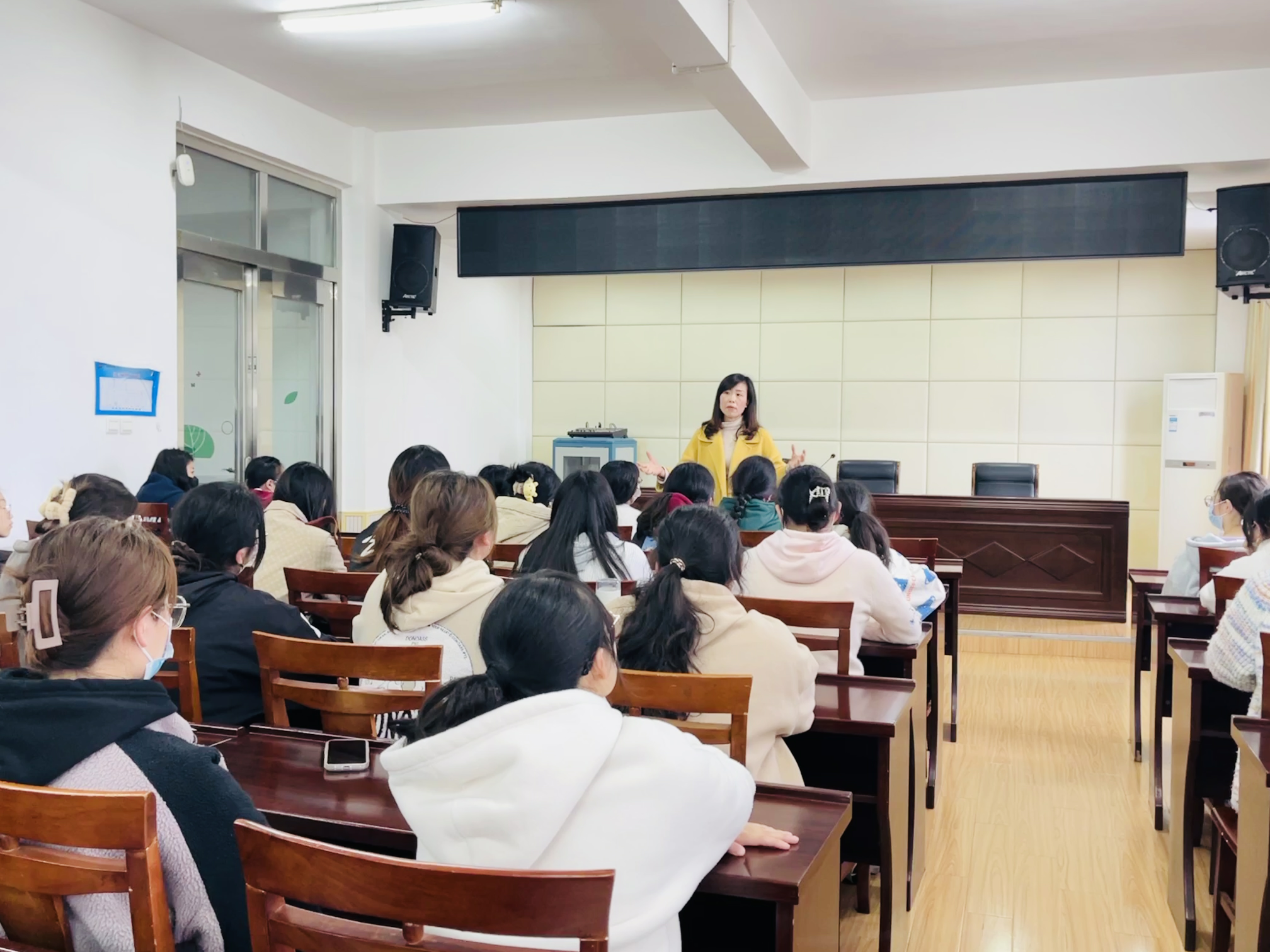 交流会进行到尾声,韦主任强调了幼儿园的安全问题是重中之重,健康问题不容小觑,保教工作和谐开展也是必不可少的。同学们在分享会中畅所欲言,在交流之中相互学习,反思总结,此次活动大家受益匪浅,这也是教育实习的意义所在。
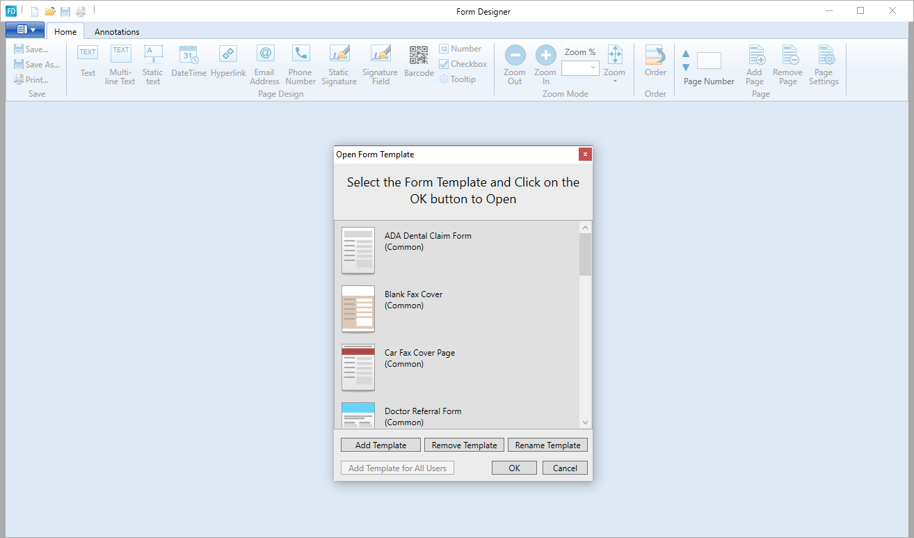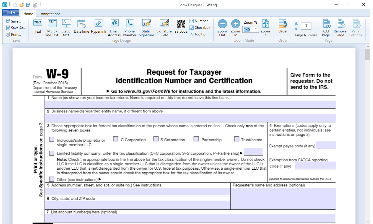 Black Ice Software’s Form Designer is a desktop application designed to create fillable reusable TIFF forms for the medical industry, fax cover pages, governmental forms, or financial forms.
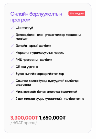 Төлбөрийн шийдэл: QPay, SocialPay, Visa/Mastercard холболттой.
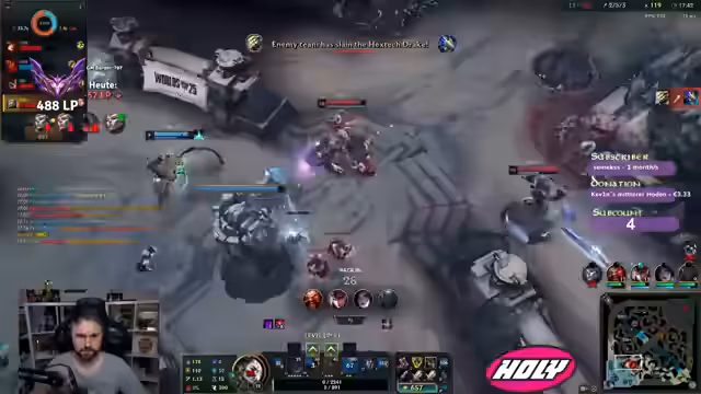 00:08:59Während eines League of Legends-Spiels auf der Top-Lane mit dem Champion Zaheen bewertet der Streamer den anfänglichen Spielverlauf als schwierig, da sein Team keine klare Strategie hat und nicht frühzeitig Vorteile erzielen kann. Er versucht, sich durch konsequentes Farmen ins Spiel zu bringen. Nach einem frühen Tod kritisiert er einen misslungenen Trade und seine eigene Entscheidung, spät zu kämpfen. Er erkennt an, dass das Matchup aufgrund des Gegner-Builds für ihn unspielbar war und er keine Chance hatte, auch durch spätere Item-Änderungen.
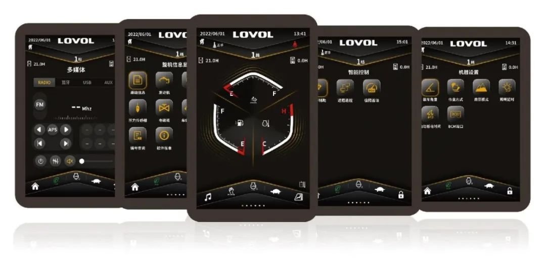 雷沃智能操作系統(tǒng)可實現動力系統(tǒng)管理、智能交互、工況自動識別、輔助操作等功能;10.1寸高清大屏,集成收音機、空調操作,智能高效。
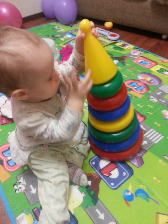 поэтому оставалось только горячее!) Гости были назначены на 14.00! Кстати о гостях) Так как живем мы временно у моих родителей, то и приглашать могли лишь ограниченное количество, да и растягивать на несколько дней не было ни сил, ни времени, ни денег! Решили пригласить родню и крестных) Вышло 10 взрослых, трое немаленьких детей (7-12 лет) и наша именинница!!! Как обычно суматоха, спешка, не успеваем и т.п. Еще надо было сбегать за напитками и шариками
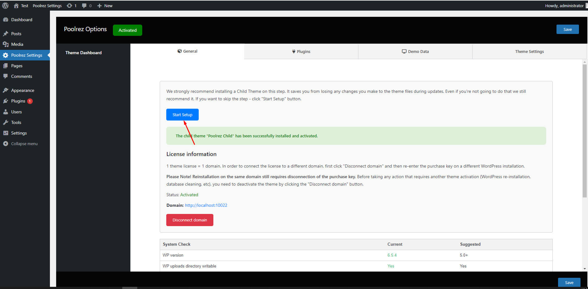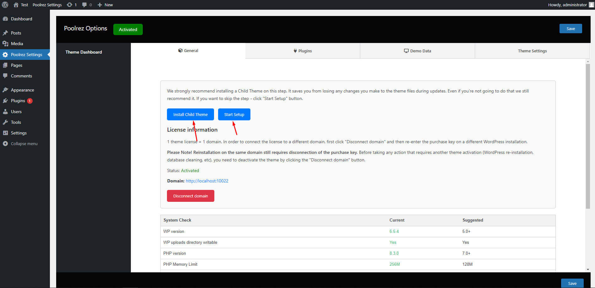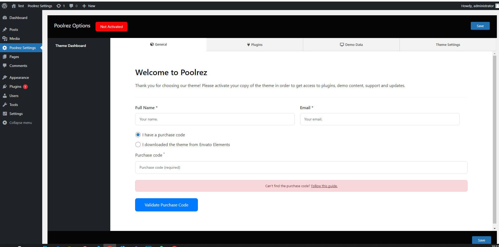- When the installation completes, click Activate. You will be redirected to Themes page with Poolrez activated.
...
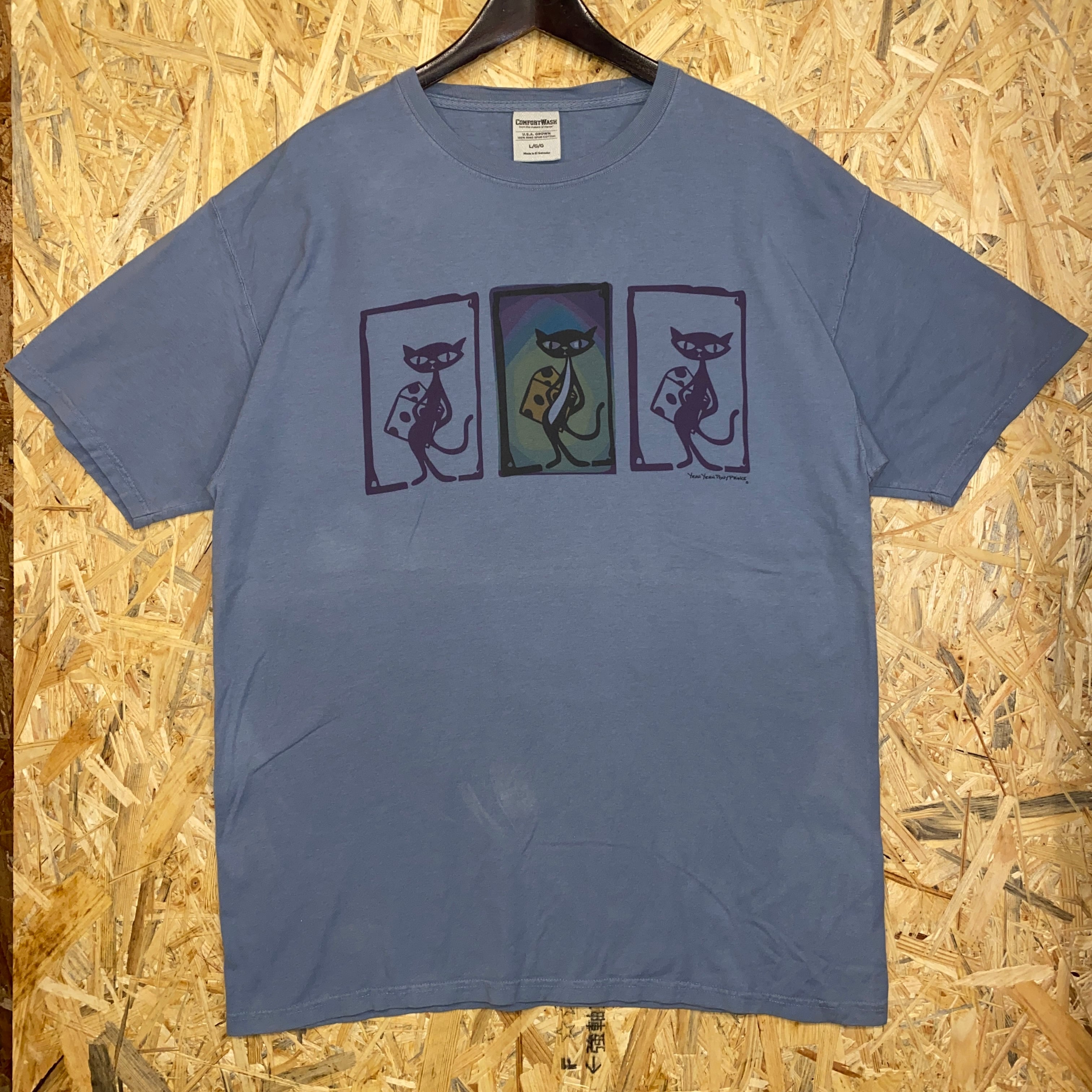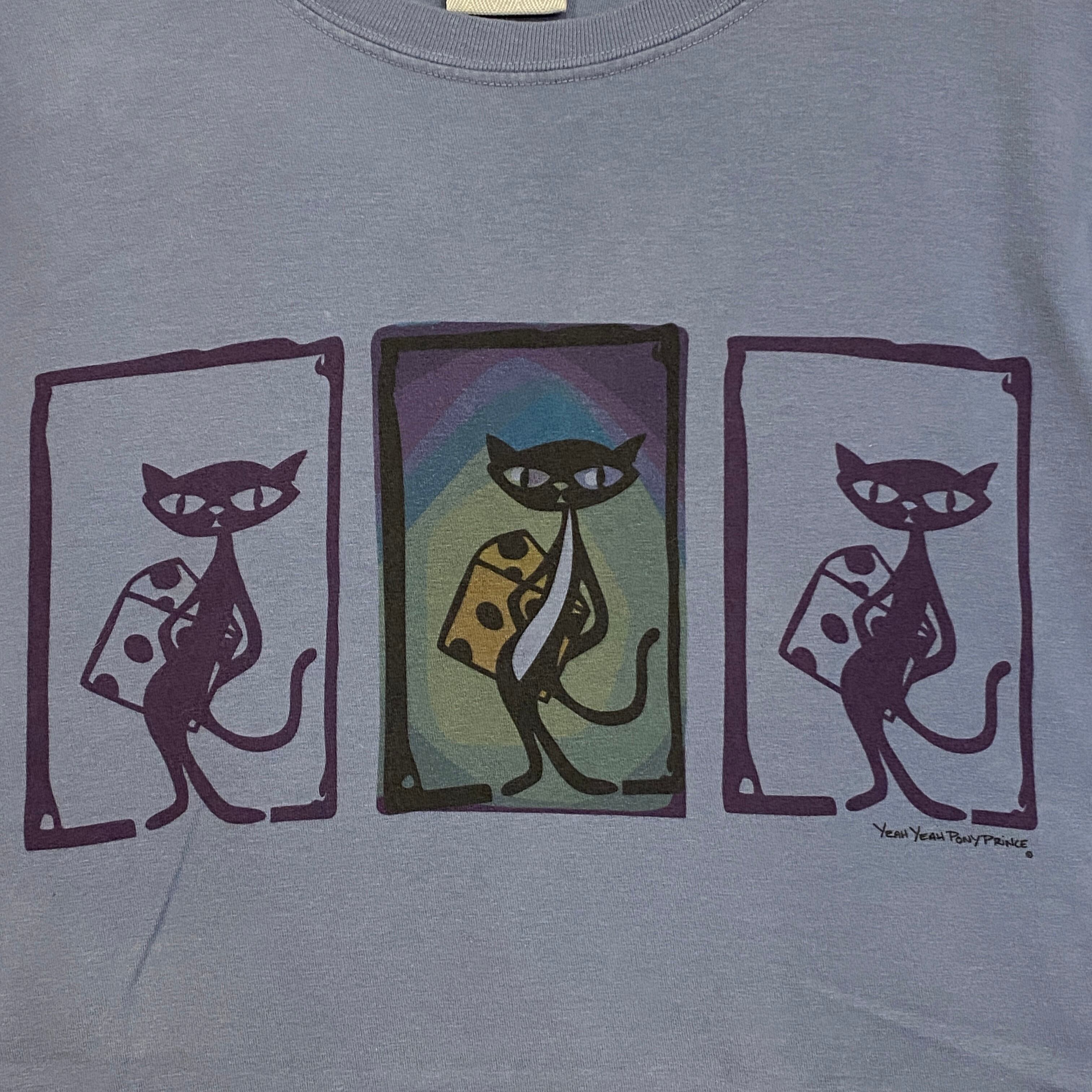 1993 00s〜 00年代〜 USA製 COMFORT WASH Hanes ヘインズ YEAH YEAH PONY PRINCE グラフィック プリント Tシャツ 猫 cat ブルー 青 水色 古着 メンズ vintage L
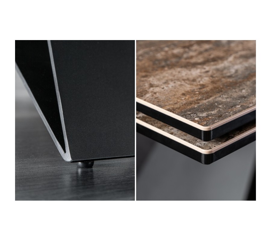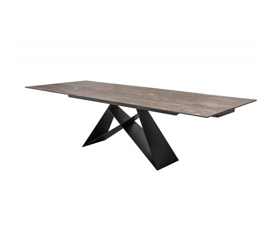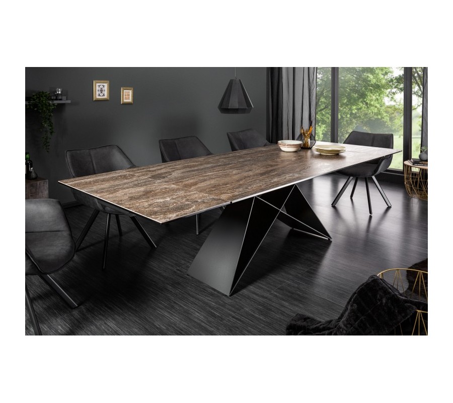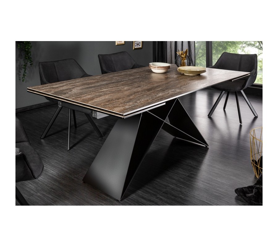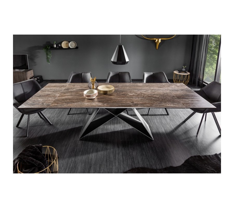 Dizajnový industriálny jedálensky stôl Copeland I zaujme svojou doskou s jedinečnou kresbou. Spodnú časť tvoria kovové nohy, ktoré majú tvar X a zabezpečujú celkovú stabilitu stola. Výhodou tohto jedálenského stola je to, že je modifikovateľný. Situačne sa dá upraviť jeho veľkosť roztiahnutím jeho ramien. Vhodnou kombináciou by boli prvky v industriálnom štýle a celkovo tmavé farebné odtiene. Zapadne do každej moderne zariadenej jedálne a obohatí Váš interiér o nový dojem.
--
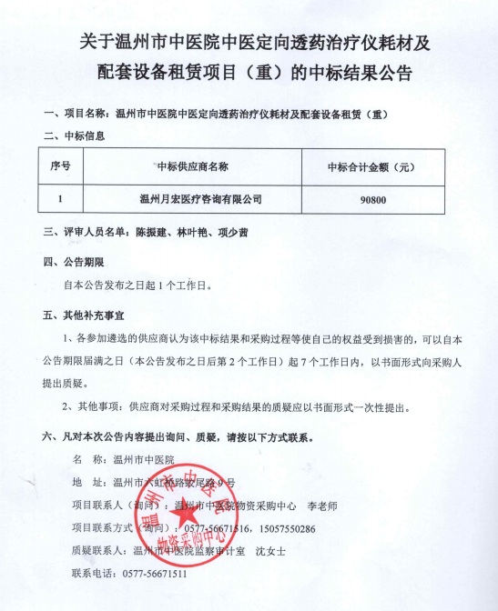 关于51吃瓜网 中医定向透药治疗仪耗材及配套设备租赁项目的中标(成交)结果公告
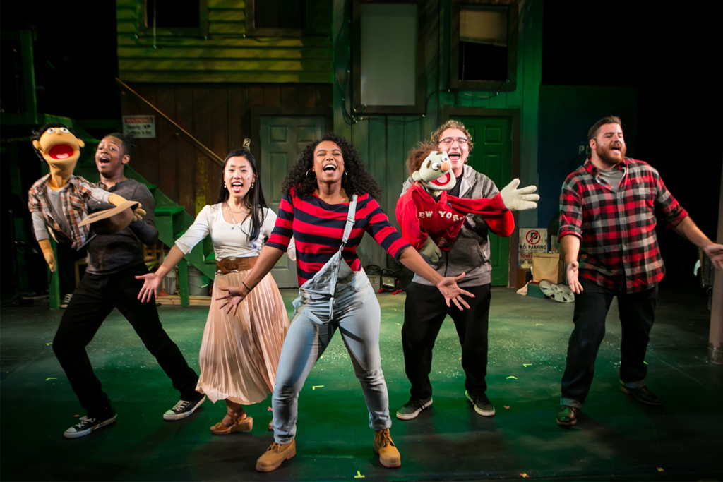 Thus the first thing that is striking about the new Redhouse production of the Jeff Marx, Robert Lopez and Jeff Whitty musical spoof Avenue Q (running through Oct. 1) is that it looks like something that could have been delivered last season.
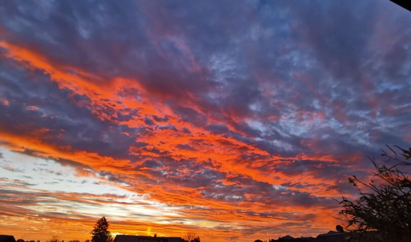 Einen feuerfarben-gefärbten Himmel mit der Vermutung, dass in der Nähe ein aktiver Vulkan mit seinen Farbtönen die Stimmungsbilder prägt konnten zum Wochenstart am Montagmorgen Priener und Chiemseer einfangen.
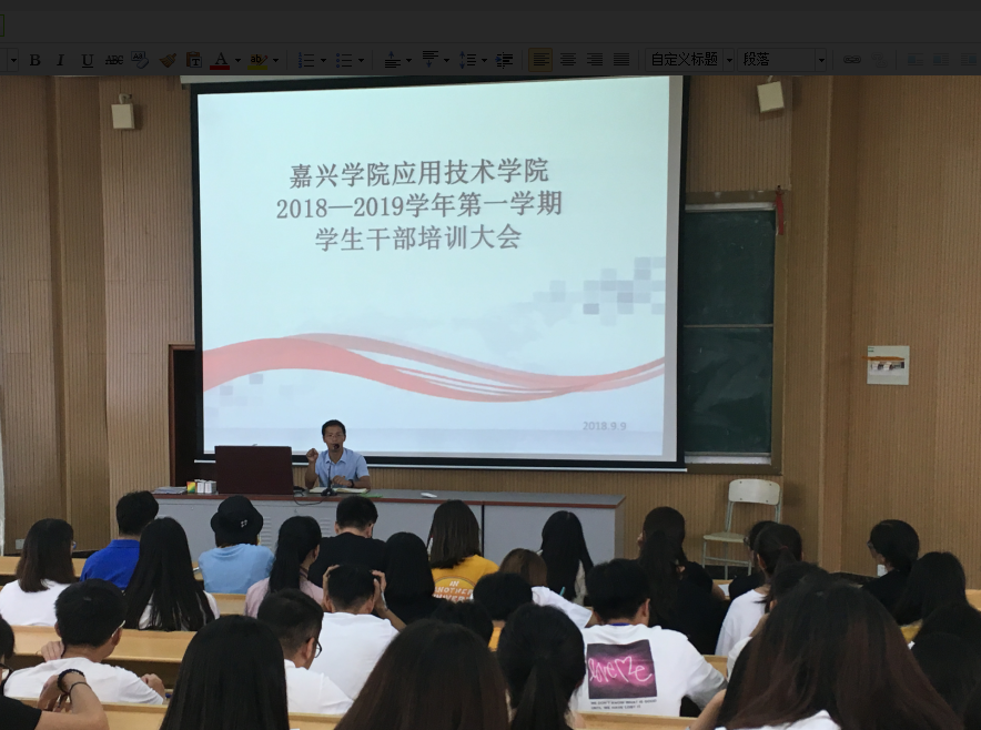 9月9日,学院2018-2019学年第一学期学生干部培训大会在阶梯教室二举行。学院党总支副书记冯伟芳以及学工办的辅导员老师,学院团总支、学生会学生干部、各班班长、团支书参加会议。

• [Task brief]:
Above are the records; copy exactly the lines from the one with "交流会进行到尾声,韦主任强调" through the one with "Black Ice Software’s", including both, and nothing more. Leave out pictures.

• [Completed task]:
 交流会进行到尾声,韦主任强调了幼儿园的安全问题是重中之重,健康问题不容小觑,保教工作和谐开展也是必不可少的。同学们在分享会中畅所欲言,在交流之中相互学习,反思总结,此次活动大家受益匪浅,这也是教育实习的意义所在。
 Black Ice Software’s Form Designer is a desktop application designed to create fillable reusable TIFF forms for the medical industry, fax cover pages, governmental forms, or financial forms.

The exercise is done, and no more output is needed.